Jared Diamond's Upheaval shows how in times of catastrophe nation states—just like individuals—need to rely on their ego-strength to surviveby Anatol Lieven / May 5, 2019 / Leave a comment
“How nations cope with crisis and change” is rather a big subject, which suggests something on the scale of Arnold Toynbee’s A Study of History. In Upheaval, Jared Diamond, the great analyst of historical ecological collapses, has produced instead a vivid, interesting but somewhat incoherent set of impressions, drawn from the modern history of countries he knows well.
Like all Diamond’s work, it is meant to be a wake-up call to the world in general, and the United States in particular, to acknowledge and respond to the growing crises facing us, especially in the field of climate change and ecological degradation. The book is structured around a parallel between how an individual responds to a crisis and how societies do; he compares the so-called “ego-strength” in individuals with sources of national unity and resilience in countries.
Upheaval contains features disquieting both to the contemporary political right (especially in the US) and to the left. Conservatives will detest the implication that existing forms of capitalism need to be radically reformed. While rejoicing in this, however, leftists should ponder deeply on what Diamond’s examples have to say about the sources of national strength, flexibility and resilience: “The challenge, for nations as for individuals in crisis, is to figure out which parts of their identities are already functioning well and don’t need changing, and which parts are no longer working and do need changing.”

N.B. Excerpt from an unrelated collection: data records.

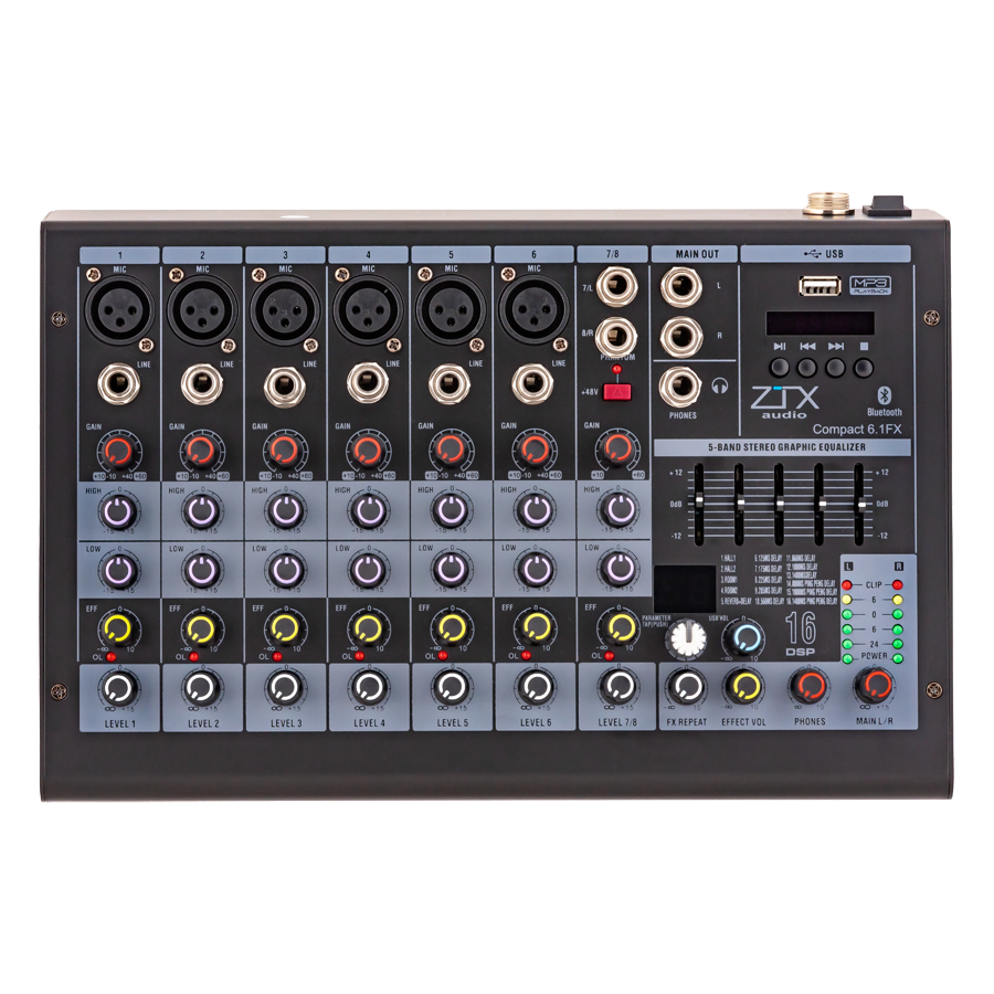 ZTX audio Compact 6.1Fx микшерный пульт 6mono, 1stereo каналы с MP3/DSP/BT
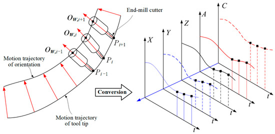 In Equation (4), the Jacobian matrix J is composed of four sub-matrices. And for the symbols of JTT, JTR, JRT, and JRR, the first subscripts T and R of the sub-matrix denote the affected tool tip point and tool axis vector, respectively, while the second subscripts T and R of the sub-matrix represent the influence of the linear motion axis and rotational motion axis of the machine tool on the tool attitude, respectively.
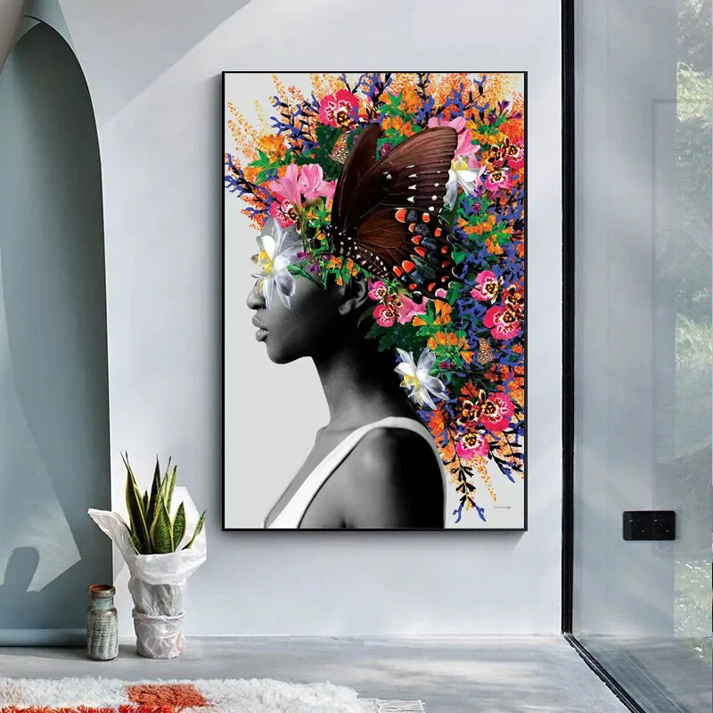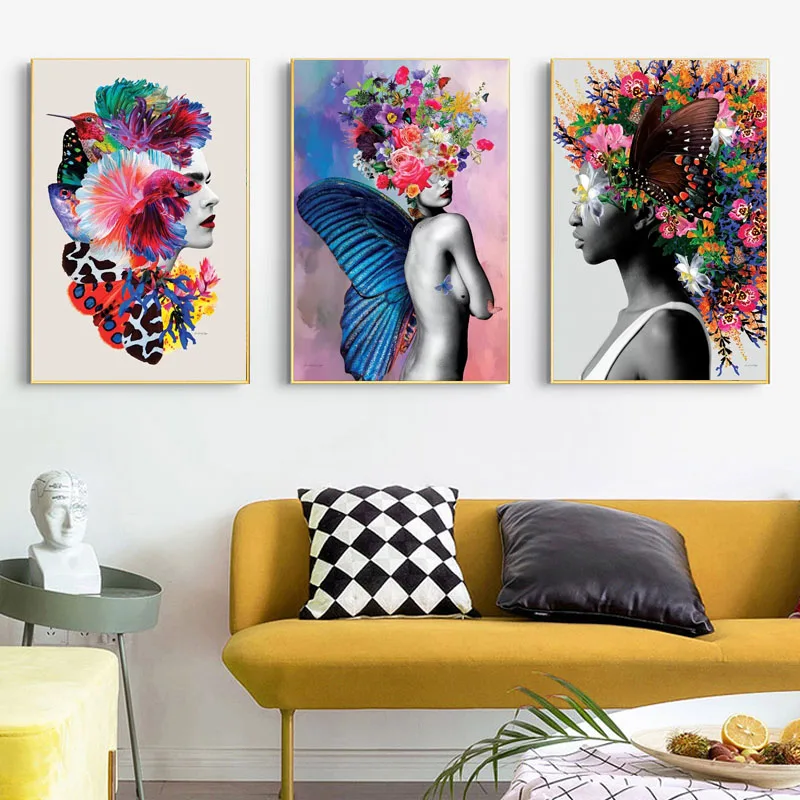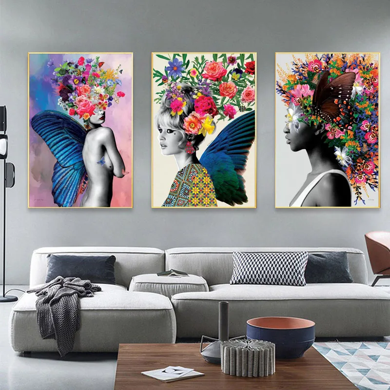 Картина на холсте с абстрактными крыльями бабочки и цветами, настенные картины, плакаты для украшения гостиной, домашний декор
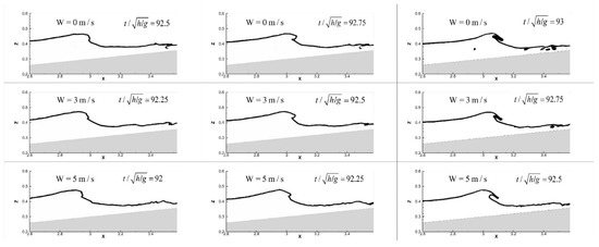 Variation of free surface in the breaking processes. The results are shown for cases W0H07 (first row), W3H07 (second row), and W5H07 (third row), respectively.
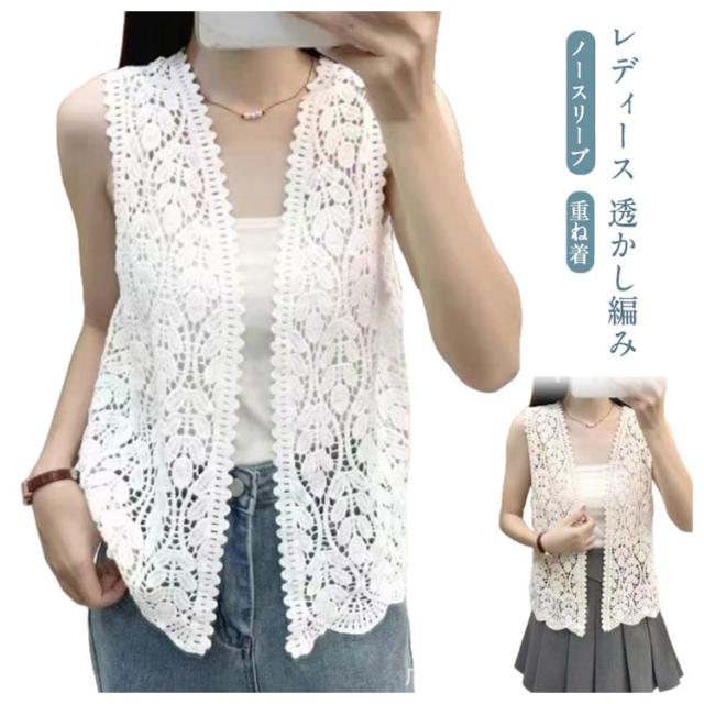 ベスト ベスト サマー レディース レディース レディース べスト ニット ジレ ベスト レディース 前開き トップス ジレ 大きいサイズ おしゃれ ベスト 春夏 ミドル丈 透かし編み ノースリーブ
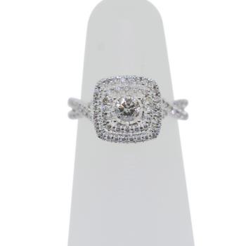 Estate 4-23: 14k white gold 2.6g Diamond engagement ring, double halo and crossover shank .15ct center round and .30ctw side diamonds

Diamond begins his case studies with Finland between 1939 and the 1950s. First it decided to fight, in the face of hopeless odds, against Stalin’s demands for territory and military control—thereby convincing him that the country was too prickly a hedgehog to be swallowed whole. After making peace with the USSR in 1944, Finland saved its democracy and market economy by an accommodation to Soviet strategic requirements (helped by the fact that Sweden and the western countries had done nothing to help Finland in 1939-40). This was the so-called “Finlandisation” process, much despised by western cold warriors, that saved the country from the fate of Hungary or Czechoslovakia. Ukraine in recent years might have done well to follow this example rather than pursuing the mirage of western aid and integration.